Это действовало на вестовых отрезвляюще, и они уносились прочь.
Но возле околицы путь преградила застава — не пройти. Полтора десятка людей сидели вокруг костра, жались к огню, кипятили в котелках воду. Дорогу перекрывали дровяные козлы, взятые у ближайшего куреня. Когда головная повозка подкатила к станице, от костра отошёл человек, поднял руку.
— Стой! Кто будете?
Толкачёв ответил прежнее:
— Обоз генерала Маркова.
Офицер подошёл ближе.
— Ба, господа, посмотрите, да это ж Толкачёв! Владимир Алексеевич, душа-человек, вот не чаял. Мы-то думали, потеряли вас. Когда в Гниловскую пришли, бах, а князь Чичуа всех обескуражил — Толкачёва на Левенцовской забыли. Мы сразу разводящего за шиворот, а ну, сукин сын, поведай миру, как ты штабс-капитана на станции бросил…
— Некрашевич?
— Ну. А вы кого ждали?
Он никого не ждал. Всё, на что он надеялся, это четыре стены и постель, или пусть даже лавка, или просто солома на полу, но чтоб было куда положить голову и чем укрыться. Некрашевича он встретить не думал.
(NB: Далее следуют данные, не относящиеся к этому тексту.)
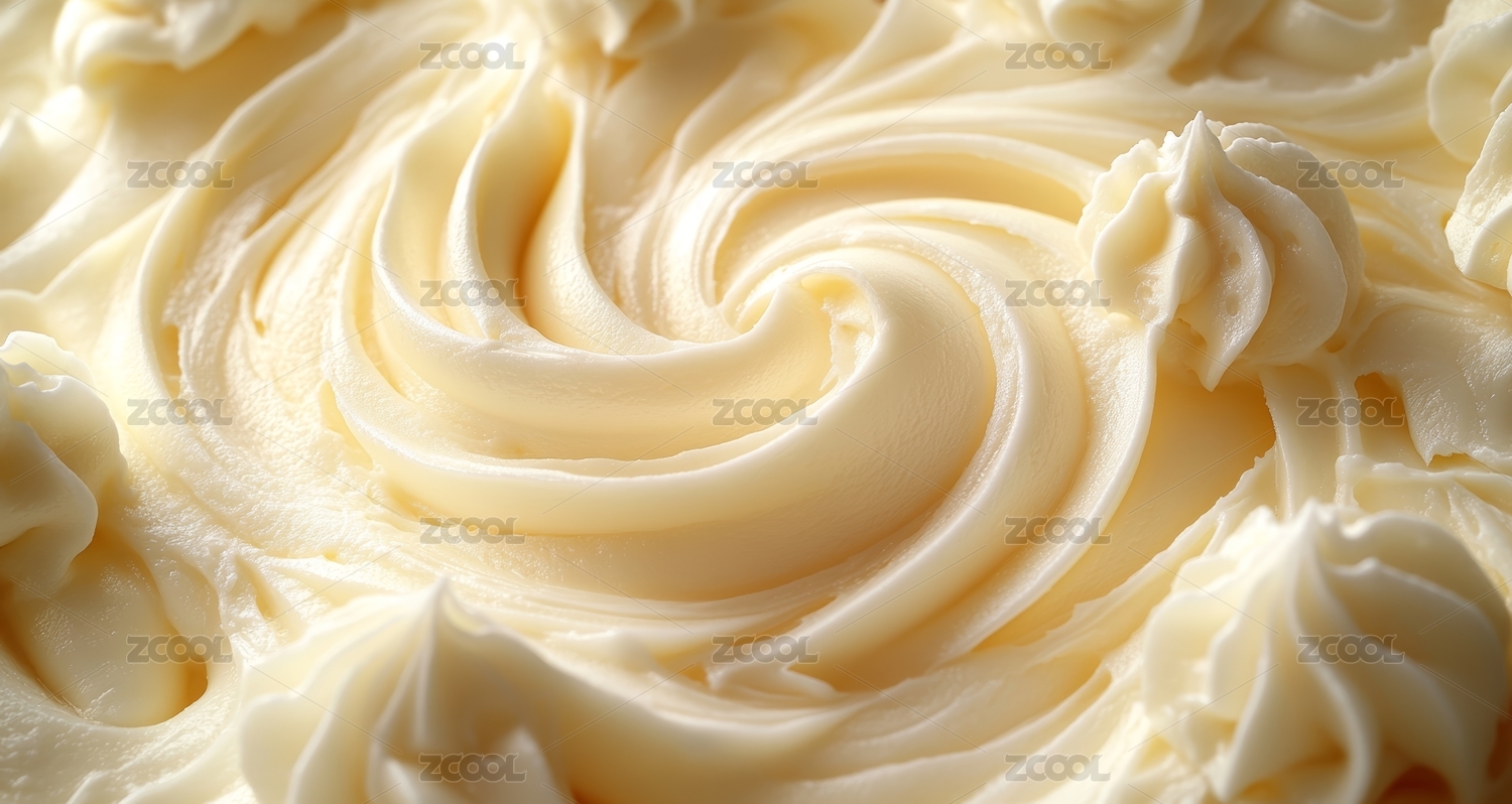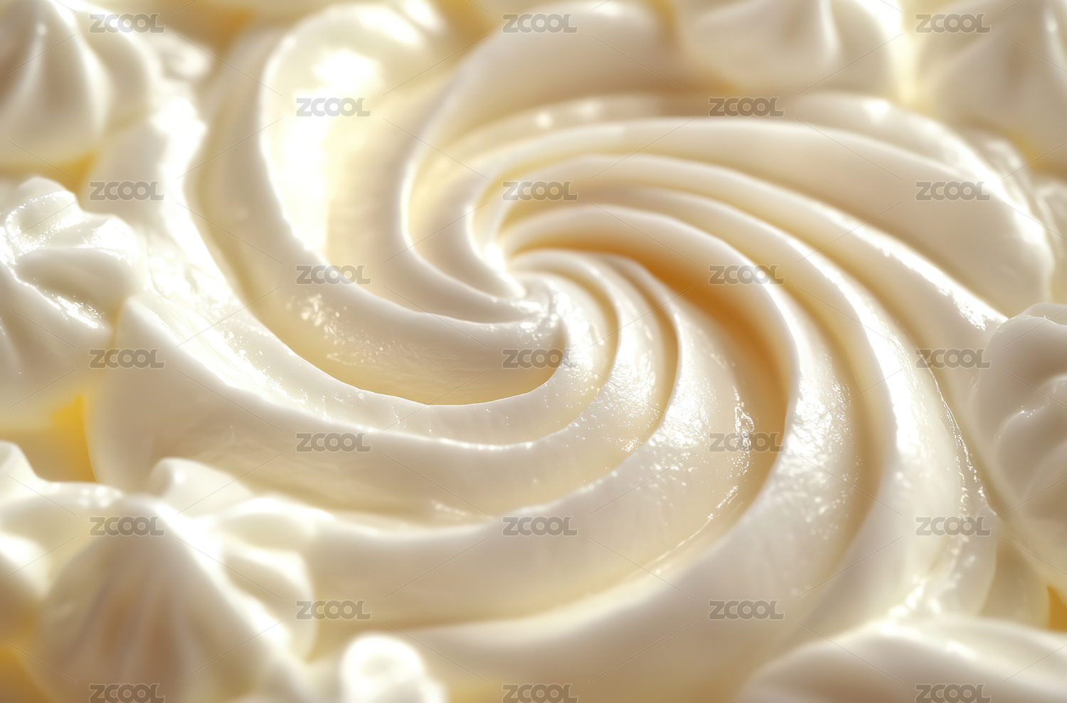 光滑乳白色膏体旋转堆叠,展现柔和质感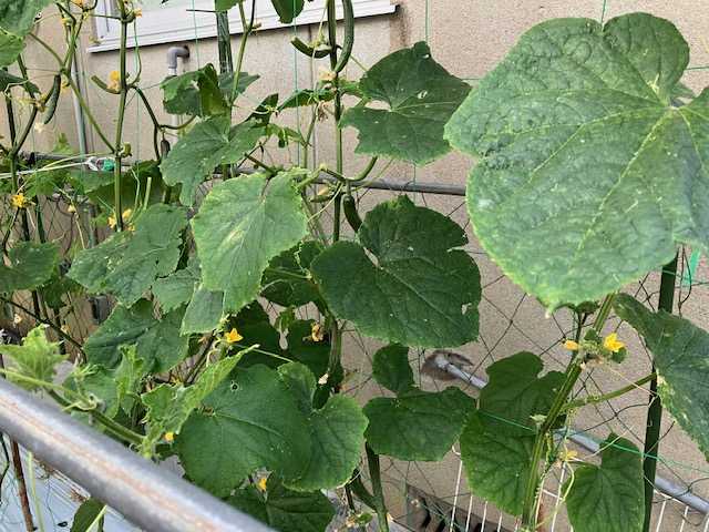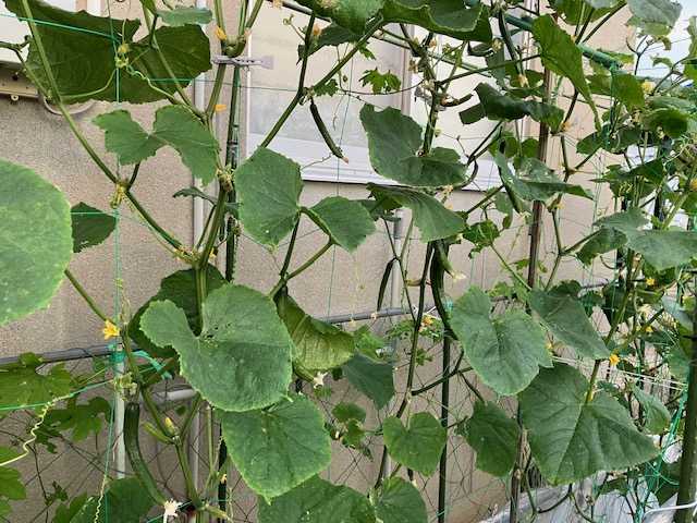 ◇大きくなり始めたキュウリが結構成っています。気温が下がってきましたが、ちゃんと収穫できるでしょうか?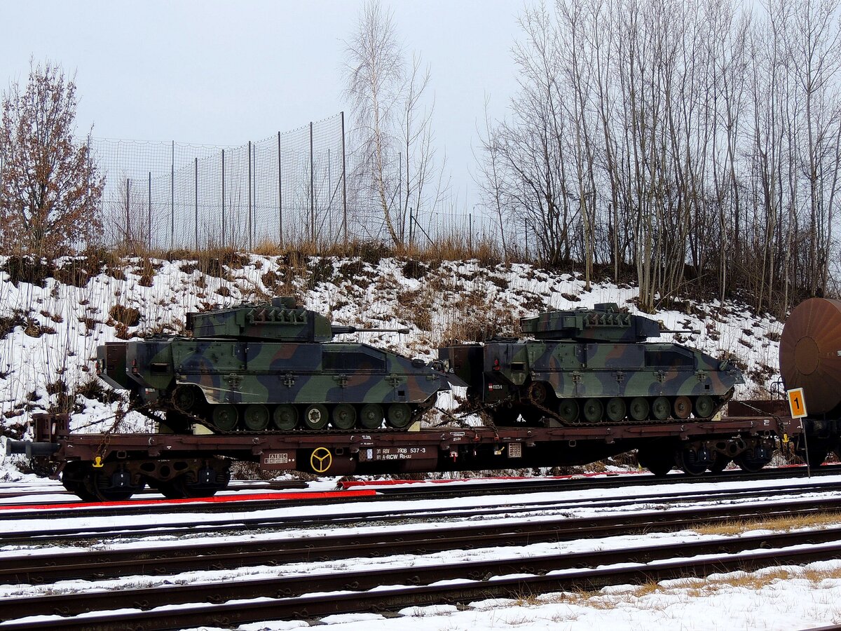 Rs-uu 31 81 3908 537-3 verlässt mit 2 Panzer beladen, den Bhf. Ried; 260130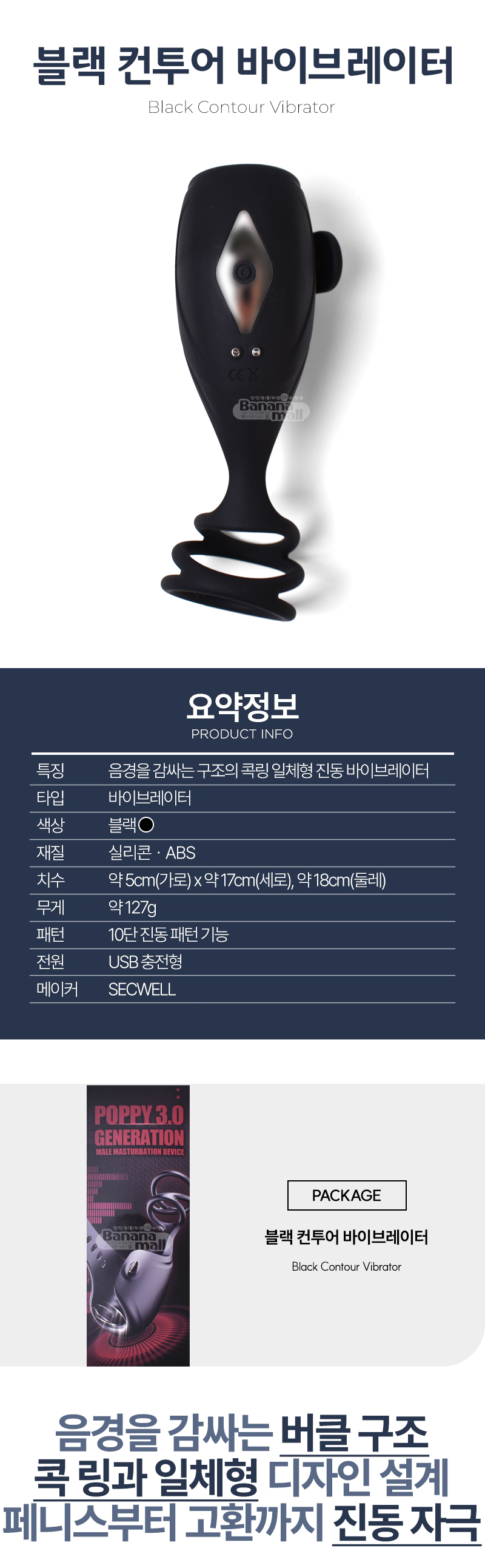 [10단 진동] 블랙 컨투어 바이브레이터(Black Contour Vibrator) - SECWELL(SW4003) (SWL)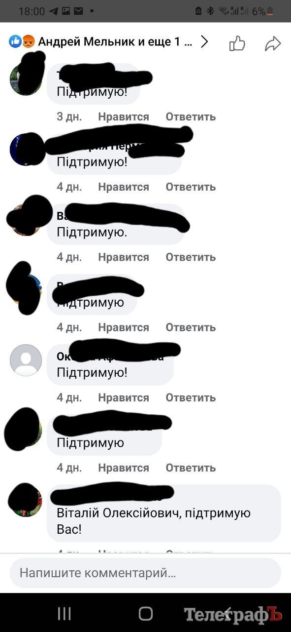 Читаємо під ним коментарі. Вкидаються в око пачками короткі коменти «підтримую», «підтримую нашого мера», «підтримую все», «підтримую звернення» (яке?), «дякую, що турбуєтесь за мешканців нашого міста»…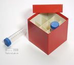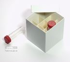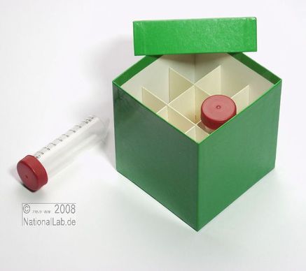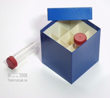 Einfrier- und Lagerboxen für 15 ml und 50 ml Röhrchen. Geeignet für alle Röhrchen mit einem ø bis ca. 22 mm (15 ml) oder 34 mm (50 ml) und einer Länge von max. 125 mm. Standardausführung aus tiefkältebeständigem, wasserfest bezogenem Kartonmaterial. Ausführung >spezial< mit wasserdichter Kunststoffbeschichtung. Mit und ohne eingelegtem Rastereinsatz. Maße = Außenmaße inkl. Deckel.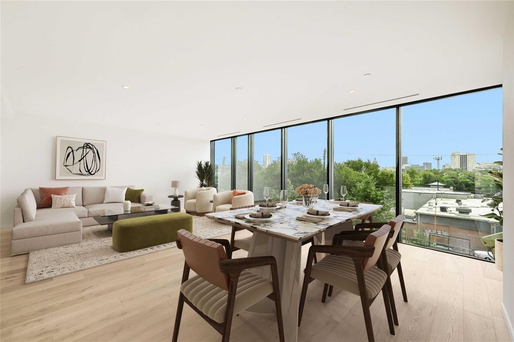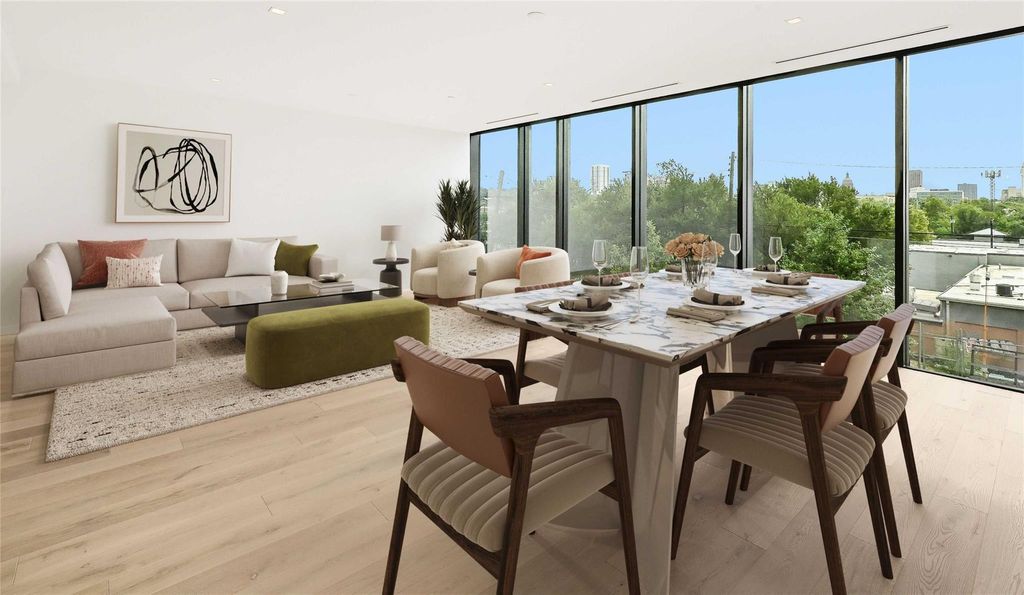 The Colorfield is a collection of 10 residences featuring oversized floor plans with high-quality finishes that will deliver residents an unrivaled Austin lifestyle while living steps from Downtown. Every detail of these spectacular living spaces is meticulously crafted with modern, high-end finishes to provide a residential experience like no other. Unit 202 features three spacious bedrooms, three full bathrooms and one half bathroom. The open floorplan begins with an entry foyer and den or flex space. Take in the unmatched skyline views of downtown Austin from the formal living and dining rooms and private covered terrace. The chef's kitchen features high-end and sleek selections like polished nickel fixtures, stainless-steel appliances by Bosch and Gaggenau, and a full-size wine refrigerator. The design scheme throughout is light and bright with natural wood cabinetry and intricate mosaic accent tile. Located at the edge of Clarksville, The Colorfield is a walkable community that connects residents to the pulse of downtown living. Enjoy easy access to premium shopping, dining, and entertainment"”all from a residential jewel beckoning to those who savor private and elevated living. Project is currently under construction and is expected to be completed in 2025. Closing credits include $25,000 toward primary closet build-out and $15,000 toward shades. Tax and assessed values are estimates for illustration purposes only. All figures should be independently verified. Some images are virtually staged for visualization and may not reflect the actual appearance or condition of the property.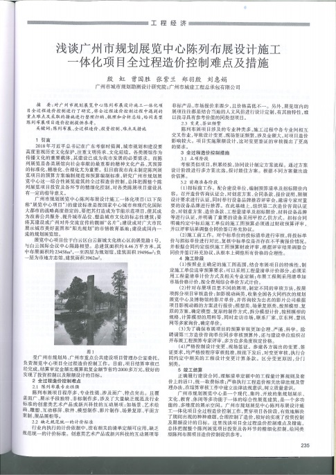 公司對(duì)廣州市規(guī)劃展覽中心陳列布展設(shè)計(jì)施工一體化項(xiàng)目全過(guò)程造價(jià)控制進(jìn)行了研究,將全過(guò)程造價(jià)控制過(guò)程中遇到的重點(diǎn)難點(diǎn)及采取的措施進(jìn)行整理歸納、梳理和分析總結(jié),給同類型陳列布展項(xiàng)目造價(jià)控制提供參考。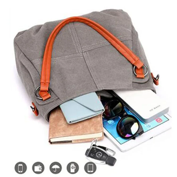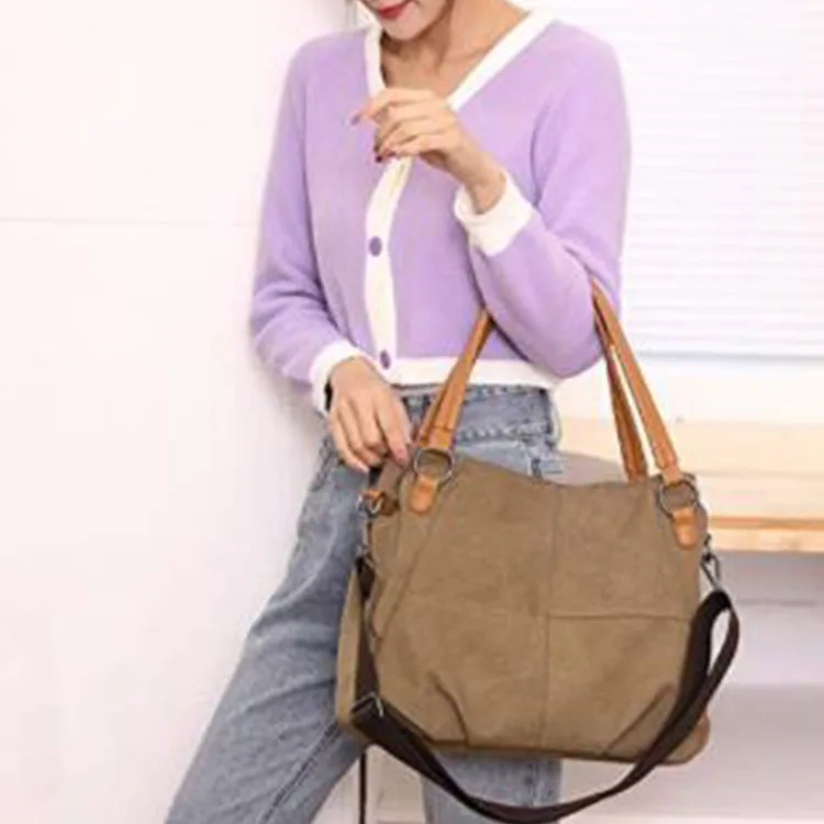Large Heavy Duty Shopping Leather Handle Casual Women Daily Canvas Crossbody Tote Bags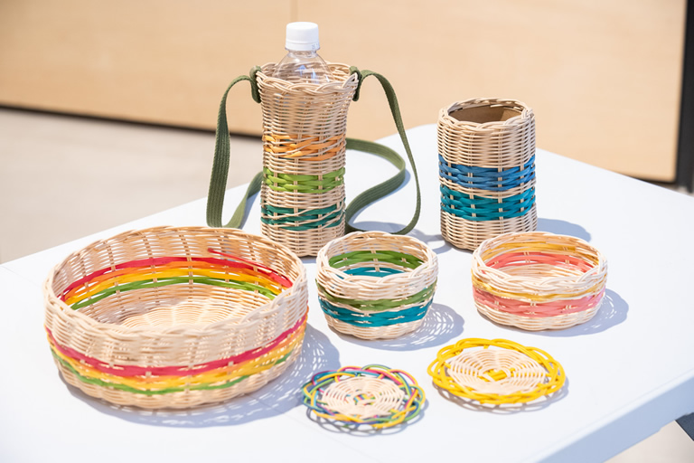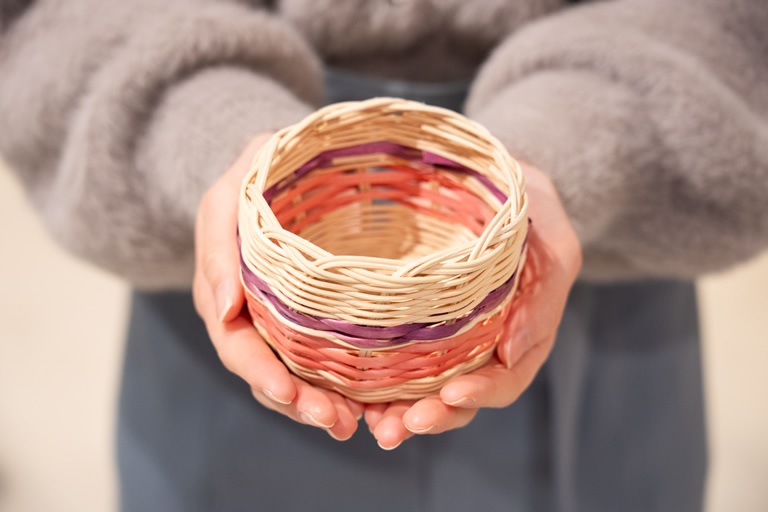 コースターやかごカップなど小さなものは、当日申し込みで体験できます。事前に予約すれば大きなかごなど本気の製作にも挑戦できますよ。
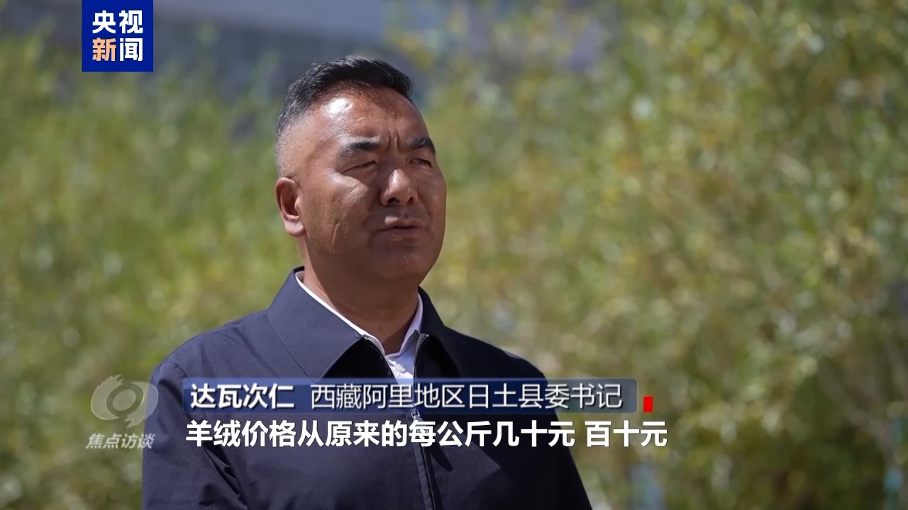 西藏阿里地區(qū)日土縣委書記 達瓦次仁:羊絨價格從原來的每公斤幾十元、百十元基本現(xiàn)在穩(wěn)定到了三百多元每公斤。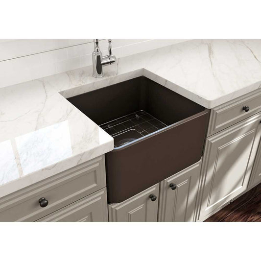 Farmhouse Apron Front Fireclay 20 in. Single Bowl Kitchen Sink with Protective Bottom Grid and Strainer in Matte Brown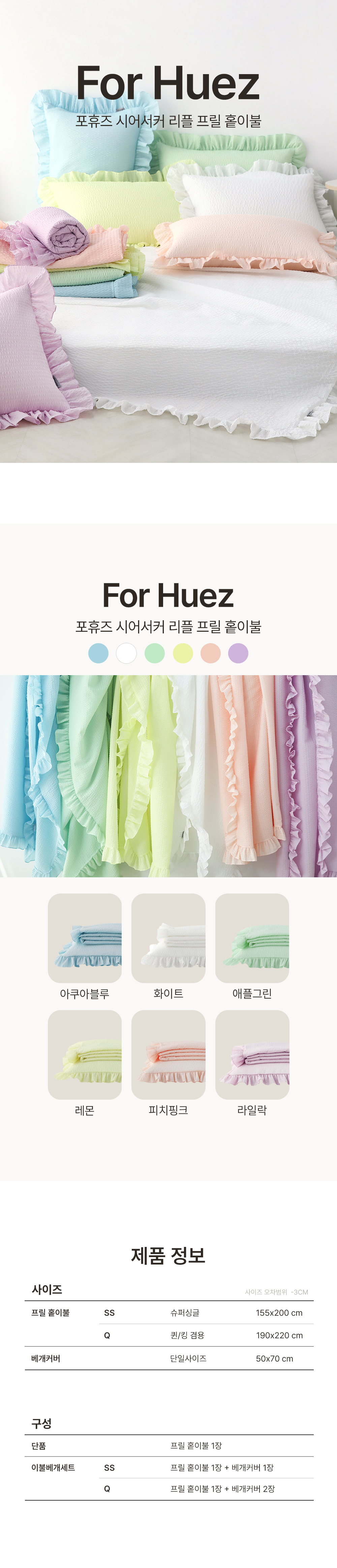 포휴즈 시어서커 리플 프릴 홑이불 SS/Q 6colors

— Где мне найти тыловиков?
— Попробуйте проехать к реке, тут дальше по улице спуск будет. Переправу ещё не начали, но очередь уже выстроилась. Говорят, первыми пойдут обозы, пока лёд крепок. Вся интендантская свора сейчас там. И вы езжайте туда же, — посоветовал Некрашевич, и обернулся к костру. — Эй, козлы раздвиньте.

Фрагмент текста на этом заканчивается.